Post by moda0306 » Wed Jul 10, 2013 11:07 am

Tech,

That kind of economic power would be extremely appealing to any central power.  Why would all of the world turn that down?

Countries can very, very quickly trade a medium of exchange for a store of value after a trade. It's much easier today than in 1776 or even 1933.

I tend to think that gold itself is definitely a tremendous asset to have in a portfolio. However, a gold standard is a barbarous relic.
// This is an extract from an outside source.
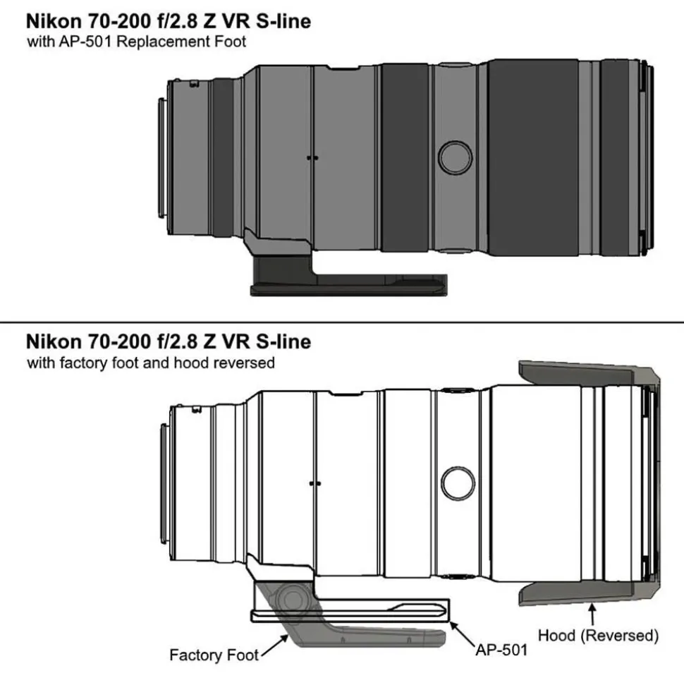 The AP-501 replaces the stock foot on Nikon Lenses.

I'd much rather have a currency be of the sovereign fiat variety, and understand its one risk is inflation, and hold the proper assets elsewhere on my balance sheet, then constantly be wondering whether the link to gold will hold up, and have none of my assets behaving properly in coordination with each other because of all the uncertainty surrounding what we are truly holding when we hold a yuan or dollar. A claim on 2 ounces of gold?  A claim on 1 ounce of gold someday soon?  A claim on nothing but with a foreign exchange window overseas?  A claim on nothing at all backed only by a taxation value-creating mechanism and our productive capacity? This is a recipe for economic disaster, unless the gold standard is so universally popular that no politician would dare to touch it.  Unless fiat currencies start to carry the public support of a holocaust, there would be WAY too much uncertainty built into a gold standard.  Is that self-fulfilling?  Sure.  But fiat really isn't that bad of a deal for most savvy people.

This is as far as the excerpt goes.